The title “Swamp by Chandelier” comes from the anomaly that a chandelier would be in a swamp. “As out of place as might be an elegant chandelier suspended in the rustic realm of the swamp, one could say the same of human presence in it throughout the years,” Parks shared. He traces the inspiration of the show to his days as a Boy Scout in Jacksonville camping on Billy’s Island in the Okefenokee Swamp. He saw signs of life: old railroad tracks, rusted machinery and an old graveyard and thought that people had lived there once and probably made music. He researched the area in the Library of Congress American Folklife Collection and found the tapes recorded in the Franklin Roosevelt era. For this show, he decided not to replicate the sounds, but to reinterpret the songs with, as he says, “my voice, my guitar and electronic ambient treatments.”

Parks found the music beautiful and haunting. It was the soundtrack of his young life. Later, he would travel Europe with Richie Havens, who was considered worldly and exotic by Europeans. Watching and working with Havens added a layer to his work. Today, his shows feature American roots music, songs he sang with Havens, entertaining stories and his gritty, earthy sound.
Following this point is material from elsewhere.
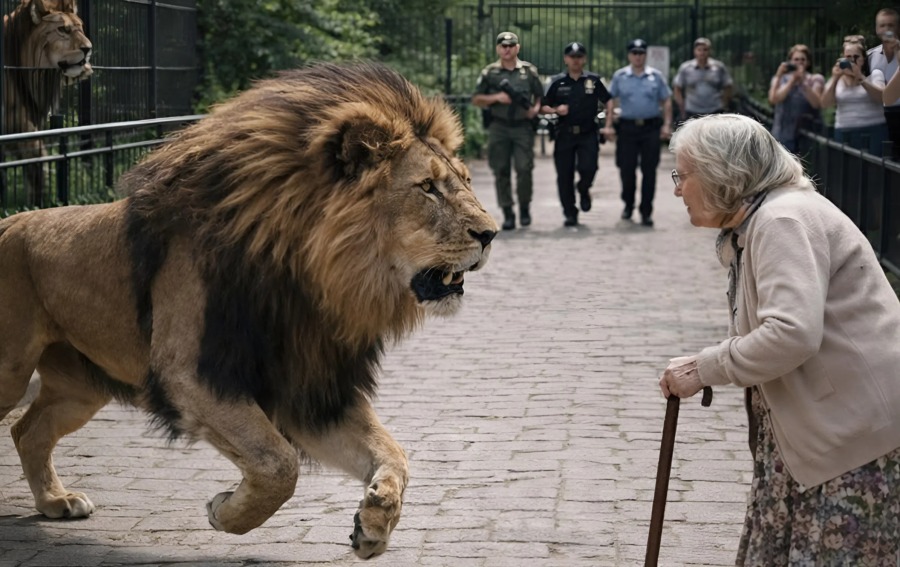 Ett lejon rymde från djurparken och när det fick syn på en äldre kvinna i parken stannade det bredvid henne; krypskyttarna hade redan siktat in sig på honom, men just i det ögonblicket hände något helt oväntat 😨😢

In an interview, he explained that he takes the metaphor of the chandelier in the swamp even further.
“I pride myself on presenting myself of the archetype of the Southern gentleman,” he said. “Even though it’s earthy and gritty, I try to be more sophisticated. That’s the chandelier. It’s rootsy, earthy music, but maybe I’ll be in a tuxedo or wearing an old-fashioned hat. I won’t have a chandelier, but maybe a lightbulb, to symbolize the minimal conditions in which people lived in the swamp.” Presented by The Arts Council of Martin County and The Lyric Theatre.